|Celestica Upbeat On Deal Despite Lucent's Problems |
Updated: Tuesday, July 24, 2001 11:54 AM ET
TORONTO (Dow Jones)--Ongoing troubles at Lucent Technologies Inc. (LU, news, msgs) appeared to dampen the enthusiasm of most of the analysts participating in a conference call Tuesday about Celestica Inc.'s (CLS, news, msgs) purchase of some Lucent facilities.
As reported, Celestica, an electronics manufacturing services company, confirmed that it will enter a manufacturing agreement with Lucent worth up to $10 billion in revenue over five years. As part of the deal, Celestica will pay between $550 million and $650 million for Lucent's plants in Oklahoma City and Columbus, Ohio.
The transaction follows reports that Flextronics International Ltd. (FLEX, news, msgs) walked away from a deal for the same plants.
The market's response was also less than jubilant. In Toronto Tuesday, Celestica is off 44 Canadian cents to C$68.88 on about 266,000 shares. Lucent, which missed analysts' third-quarter expectations by a wide margin, announced 20,000 more job cuts and declined to give guidance for the next quarter, is down 17% in New York.
But Celestica executives assured analysts that the purchase, with a "premier telecom," was positive for the company.
Eugene Polistuk, chairman and chief executive of Celestica Inc. (CLS, news, msgs), boasted that the transaction was the largest the company has announced to date, adding that it will result in the expansion of its "already proven partnership" with Lucent Technologies Inc. (LU, news, msgs).
"The size and scope of this transaction recognizes the track record and trust that has been built up between the two companies," Polistuk told analysts. He said that Celestica will also benefit from an expansion of its communications portfolio, while also comfortably meeting financial criteria for acquisitions.
The deal, to close in the third quarter, will be increase cash earnings "well within" 12 months, he said.
The company also applauded its partner's attempts to reorganize its business over the last several months. "Lucent has made considerable progress in their restructuring activities, and this EMS model will clearly play an important role for them as they progress into the future," Celestica said.
Polistuk added that this transaction is flexible, for it doesn't preclude Celestica from doing more business with Lucent - or any other original equipment manufacturer - in the future. Further, production from other OEMs can move into these locations "over time."
To give Lucent the "most competitive cost" in the marketplace, much of the manufacturing will be moved to existing Celestica locations around the world, with the "high-complexity, high-skill intensive activities" remaining at those plants.
The headcount at the facilities will be "south of half" the current number, Celestica said, adding that the majority of the difference will end up at facilities in the company's network.
While the union for Lucent's workers is "fully briefed and on board," it has yet to ratify the deal.
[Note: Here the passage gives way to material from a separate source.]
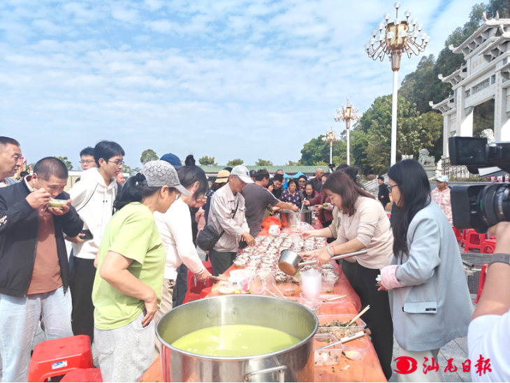游客們?cè)谄穱L汕尾特色小吃——菜茶。

Celestica declined to comment on when the pact would receive union ratification.
Executives, who received the congratulations of three analysts, defended both the acquisition and Lucent, saying it gives Celestica a broader base of expertise while allowing it to expand its relationship with a dominant player.
"I know there's some baggage associated with some of the restructuring (Lucent's) going through, but we've worked with them for over three years, so we have a pretty good insight of where they're going and where they've come from, and we feel this is a good add to our portfolio," Polistuk said.